* Stored items *
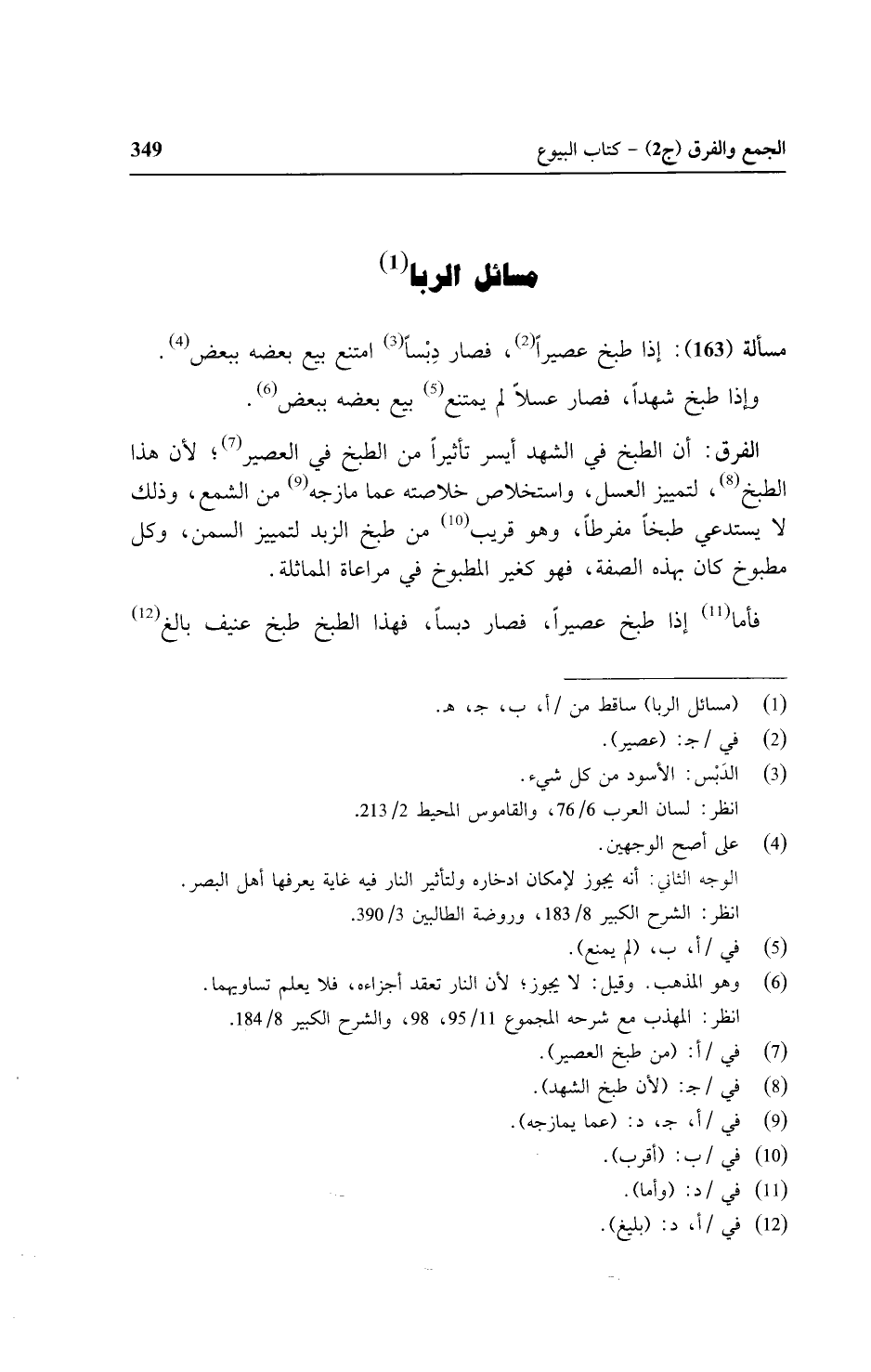مسألة (١٦٣): إذا طبخ عصيراً، فصار دبس امتنع بيع بعضه ببعض. وإذا طبخ شهداً، فصار عسلاً لم يمتنع بيع بعضه ببعض.
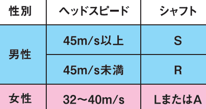 <シャフトを選ぶ目安>
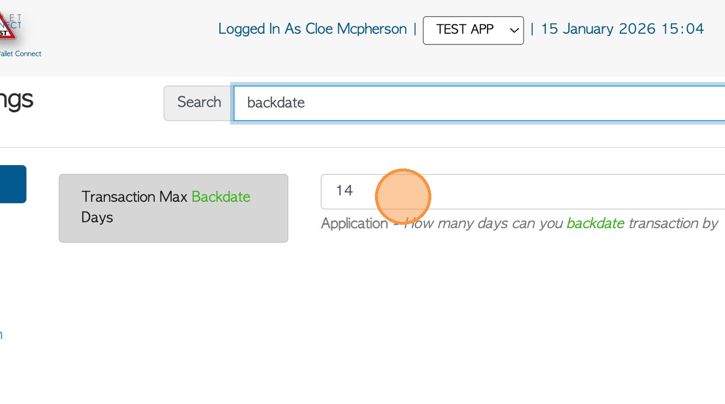 "Transaction Max Backdate Days" is a system-wide setting in Pallet Connect that controls how far back users can date transactions. This setting allows administrators to define the maximum number of days an entry can be backdated, helping ensure accurate record-keeping, while maintaining appropriate flexibility for operational needs.
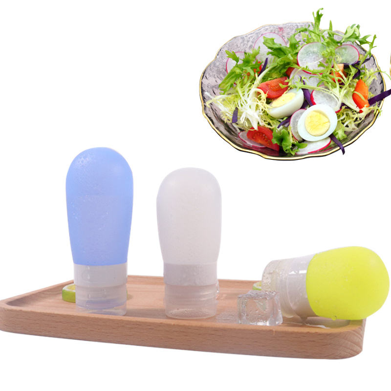 Custom Logo Print BPA Plastic Free Portable 38ml/60ml/80ml Mini Silicone Salad Dressing Bottle Seal Travel Containers for Sauce
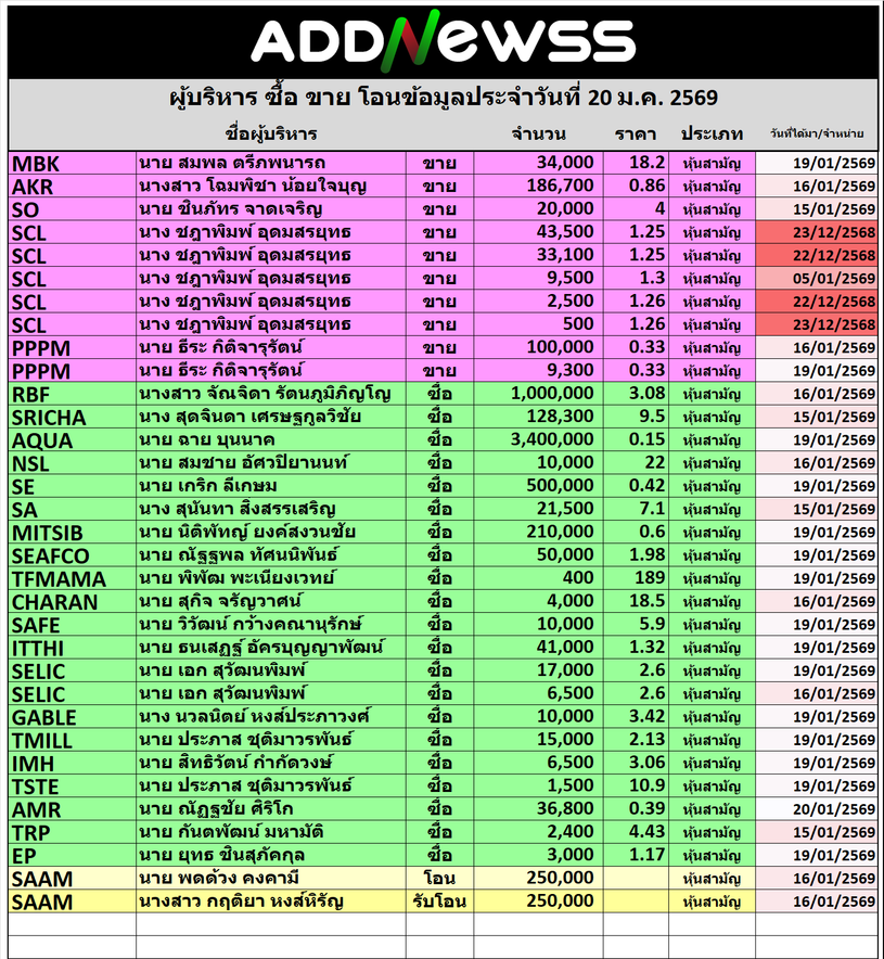 🔥🔥สรุปผู้บริหาร ซื้อ ขาย โอน
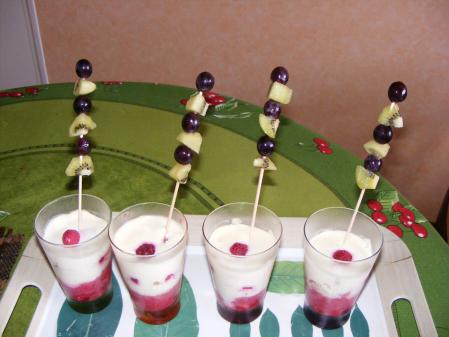 et j'ai ajouter des brochettes de kiwis/ raisins
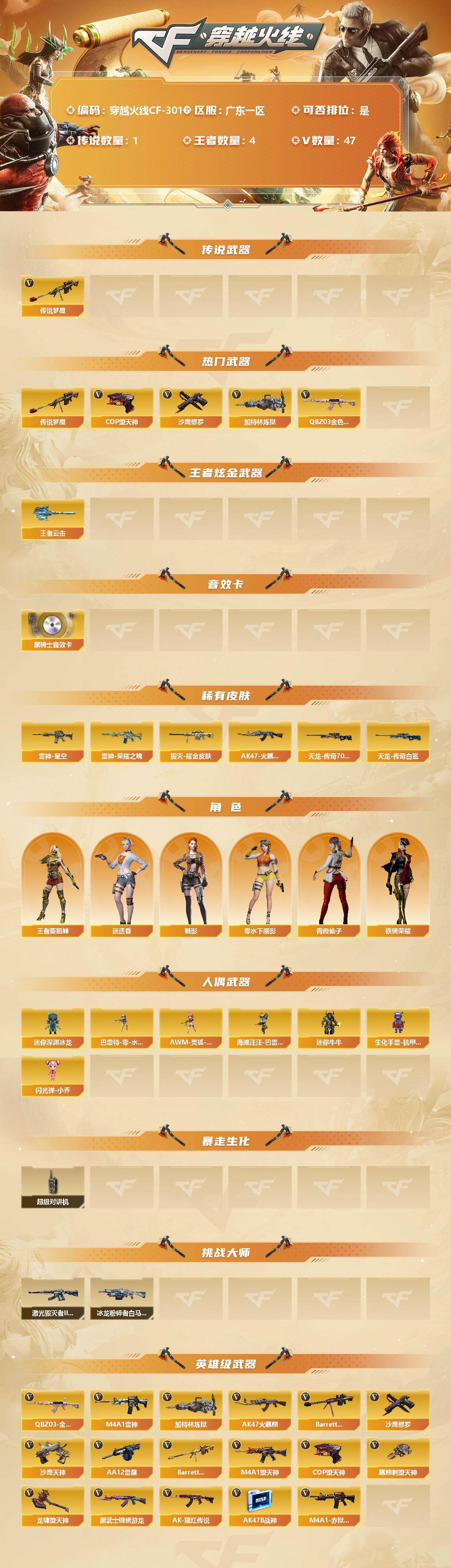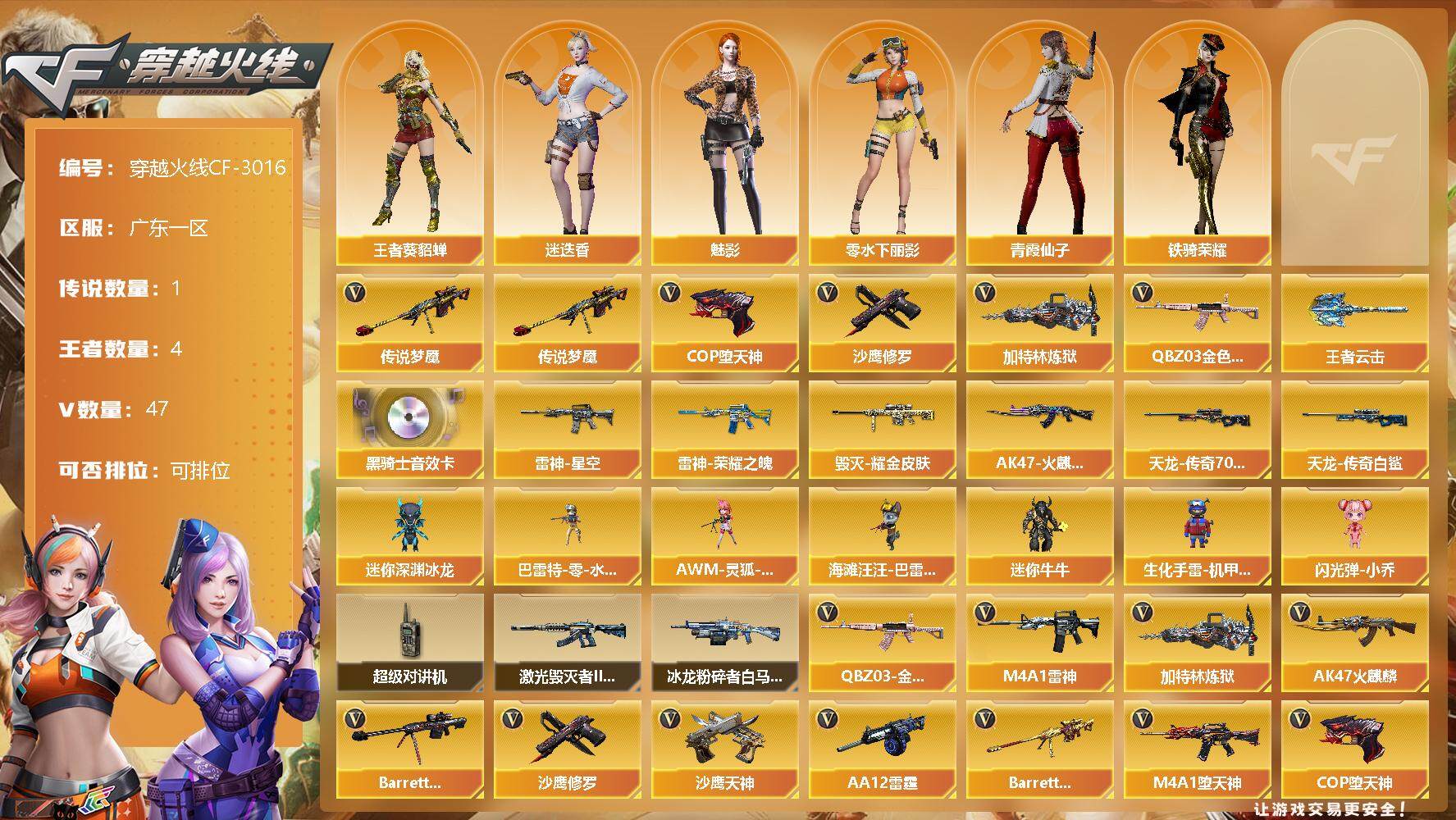 [12847368]广东一区-47V-4王者-0炫金 【传说武器】:传说梦魇 【热门武器】:传说梦魇,QBZ03-金色蔷薇,加特林-炼狱,COP-堕天神*2,沙鹰-修罗 【王者炫金武器】:王者云击 【音效卡】:M4A1-黑骑士音效卡 【稀有皮肤】:雷神-荣耀之魄,雷神-星空,AK47-火麒麟-传奇EVEN,毁灭耀金皮肤,AWM-天龙-传奇70KG,AWM-天龙-传奇白鲨 【角色】:王者-葵-貂蝉,零-水下丽影,魅影,迷迭香,铁骑荣耀,青霞仙子 【人偶武器】:巴雷特-零-水下丽影,AWM-灵狐-15周年嘉年华,海滩汪汪-巴雷特,迷你深渊冰龙,迷你牛牛,生化手雷-机甲核心,闪光弹-小乔 【暴走生化】:超级对讲机 【挑战大师】:激光毁灭者III-白马银枪,冰龙粉碎者-白马银枪 【英雄级武器】:M4A1-堕天神,COP-堕天神*2,麒麟刺-堕天神,龙啸-堕天神*2,QBZ03-金色蔷薇,M4A1-雷神,加特林-炼狱,AK47-火麒麟,Barrett-毁灭,AA-12-雷霆,Barrett-朱雀,黑武士-锦绣游龙,AK-47-猩红传说,AK47-B-战神,M4A1-赤狱骑士,沙鹰-天神,沙鹰-修罗 【特殊枪械】:1炼狱
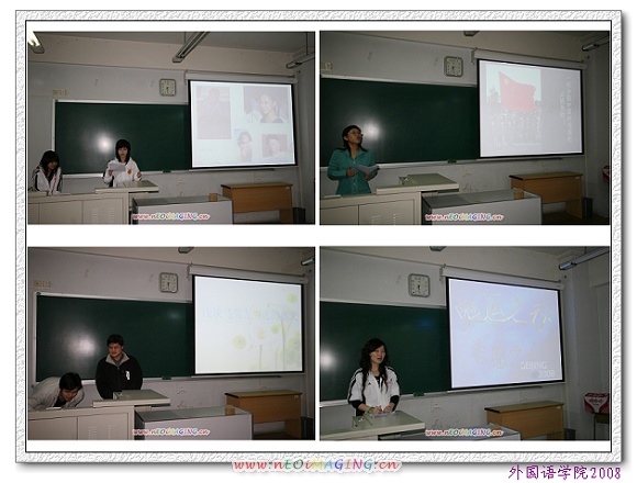 06级日语系曾丹同学以《讲社会道德,做文明大学生》为题发表了自己对“艳照门”事件的看法。她指出,“艳照门”事件是对我国传统伦理道德的挑战。她另辟蹊径,从文化传播角度分析了“艳照门”事件折射出的社会问题。她批评了某些网站为达到盈利目的而不惜污染社会环境的现状以及部分网民不注意自身道德修养而利用网络散布不健康文化的行为,结合十七大报告中关于建设和谐文化的内容号召大家从我做起,树立正确的世界观、人生观、价值观,提高自身判断力和自制力,抵制不健康文化的影响。06级德语系于冬冰同学以《蚍蜉撼树》为题向我们诠释了“人间自有真情在,社会更有正义在”的不变真理。她用图片向在场观众展示了西藏3•14事件的情况,猛烈抨击了达赖集团企图分裂祖国的恶劣行径,并通过视频形式揭露了西方媒体肆意歪曲事实、诋毁丑化中国的行为。她回顾了西藏自建国以来取得的成绩,结合十七大报告中关于处理民族关系、加强民族团结的内容,高度赞扬了党在处理民族问题、宗教问题上的方针政策,指出达赖的分裂行为不得人心,势必失败。她认为,学外语不是为了崇洋媚外,而应通过对外国文化的学习,“取其精华,弃其糟粕”,达到振兴中华的目的。她的演讲慷慨激昂,赢得了在场观众热烈的掌声。针对2008年台湾“大选”,05级日语系张刚同学从“浅谈马英九当选意义”的角度发表了自己对本届“大选”的看法。他主要分析了国民党赢得“大选”的原因,通过对马英九及台湾大学生对“大选”态度的介绍,指出和平统一是两岸关系发展的必然趋势,“台独”违背一个中国原则, 不得人心,必遭失败。05级英语二班郭阳、胡赛男同学以《北京奥运,百年梦圆》为题从奥运志愿者角度发表了感想。她们回顾了班级、学院组织的以奥运为主题的活动,结合十七大精神和自身志愿服务经历号召全体同学行动起来,为即将到来的2008年北京奥运贡献自己的力量。她们精心制作了视频短片,通过采访奥运志愿者特别是作为奥运志愿者的党员同志的方式,展现了我校奥运志愿者积极向上的精神风貌,带领在场观众走近奥运,走近奥运志愿者。

* GOAL OF THE EXERCISE *
Leaving the pictures aside, write out the entries above exactly.

* ANSWER FOR THIS EXERCISE *
مسألة (١٦٣): إذا طبخ عصيراً، فصار دبس امتنع بيع بعضه ببعض. وإذا طبخ شهداً، فصار عسلاً لم يمتنع بيع بعضه ببعض.
 <シャフトを選ぶ目安>
 "Transaction Max Backdate Days" is a system-wide setting in Pallet Connect that controls how far back users can date transactions. This setting allows administrators to define the maximum number of days an entry can be backdated, helping ensure accurate record-keeping, while maintaining appropriate flexibility for operational needs.
 Custom Logo Print BPA Plastic Free Portable 38ml/60ml/80ml Mini Silicone Salad Dressing Bottle Seal Travel Containers for Sauce
 🔥🔥สรุปผู้บริหาร ซื้อ ขาย โอน
 et j'ai ajouter des brochettes de kiwis/ raisins
 [12847368]广东一区-47V-4王者-0炫金 【传说武器】:传说梦魇 【热门武器】:传说梦魇,QBZ03-金色蔷薇,加特林-炼狱,COP-堕天神*2,沙鹰-修罗 【王者炫金武器】:王者云击 【音效卡】:M4A1-黑骑士音效卡 【稀有皮肤】:雷神-荣耀之魄,雷神-星空,AK47-火麒麟-传奇EVEN,毁灭耀金皮肤,AWM-天龙-传奇70KG,AWM-天龙-传奇白鲨 【角色】:王者-葵-貂蝉,零-水下丽影,魅影,迷迭香,铁骑荣耀,青霞仙子 【人偶武器】:巴雷特-零-水下丽影,AWM-灵狐-15周年嘉年华,海滩汪汪-巴雷特,迷你深渊冰龙,迷你牛牛,生化手雷-机甲核心,闪光弹-小乔 【暴走生化】:超级对讲机 【挑战大师】:激光毁灭者III-白马银枪,冰龙粉碎者-白马银枪 【英雄级武器】:M4A1-堕天神,COP-堕天神*2,麒麟刺-堕天神,龙啸-堕天神*2,QBZ03-金色蔷薇,M4A1-雷神,加特林-炼狱,AK47-火麒麟,Barrett-毁灭,AA-12-雷霆,Barrett-朱雀,黑武士-锦绣游龙,AK-47-猩红传说,AK47-B-战神,M4A1-赤狱骑士,沙鹰-天神,沙鹰-修罗 【特殊枪械】:1炼狱
 06级日语系曾丹同学以《讲社会道德,做文明大学生》为题发表了自己对“艳照门”事件的看法。她指出,“艳照门”事件是对我国传统伦理道德的挑战。她另辟蹊径,从文化传播角度分析了“艳照门”事件折射出的社会问题。她批评了某些网站为达到盈利目的而不惜污染社会环境的现状以及部分网民不注意自身道德修养而利用网络散布不健康文化的行为,结合十七大报告中关于建设和谐文化的内容号召大家从我做起,树立正确的世界观、人生观、价值观,提高自身判断力和自制力,抵制不健康文化的影响。06级德语系于冬冰同学以《蚍蜉撼树》为题向我们诠释了“人间自有真情在,社会更有正义在”的不变真理。她用图片向在场观众展示了西藏3•14事件的情况,猛烈抨击了达赖集团企图分裂祖国的恶劣行径,并通过视频形式揭露了西方媒体肆意歪曲事实、诋毁丑化中国的行为。她回顾了西藏自建国以来取得的成绩,结合十七大报告中关于处理民族关系、加强民族团结的内容,高度赞扬了党在处理民族问题、宗教问题上的方针政策,指出达赖的分裂行为不得人心,势必失败。她认为,学外语不是为了崇洋媚外,而应通过对外国文化的学习,“取其精华,弃其糟粕”,达到振兴中华的目的。她的演讲慷慨激昂,赢得了在场观众热烈的掌声。针对2008年台湾“大选”,05级日语系张刚同学从“浅谈马英九当选意义”的角度发表了自己对本届“大选”的看法。他主要分析了国民党赢得“大选”的原因,通过对马英九及台湾大学生对“大选”态度的介绍,指出和平统一是两岸关系发展的必然趋势,“台独”违背一个中国原则, 不得人心,必遭失败。05级英语二班郭阳、胡赛男同学以《北京奥运,百年梦圆》为题从奥运志愿者角度发表了感想。她们回顾了班级、学院组织的以奥运为主题的活动,结合十七大精神和自身志愿服务经历号召全体同学行动起来,为即将到来的2008年北京奥运贡献自己的力量。她们精心制作了视频短片,通过采访奥运志愿者特别是作为奥运志愿者的党员同志的方式,展现了我校奥运志愿者积极向上的精神风貌,带领在场观众走近奥运,走近奥运志愿者。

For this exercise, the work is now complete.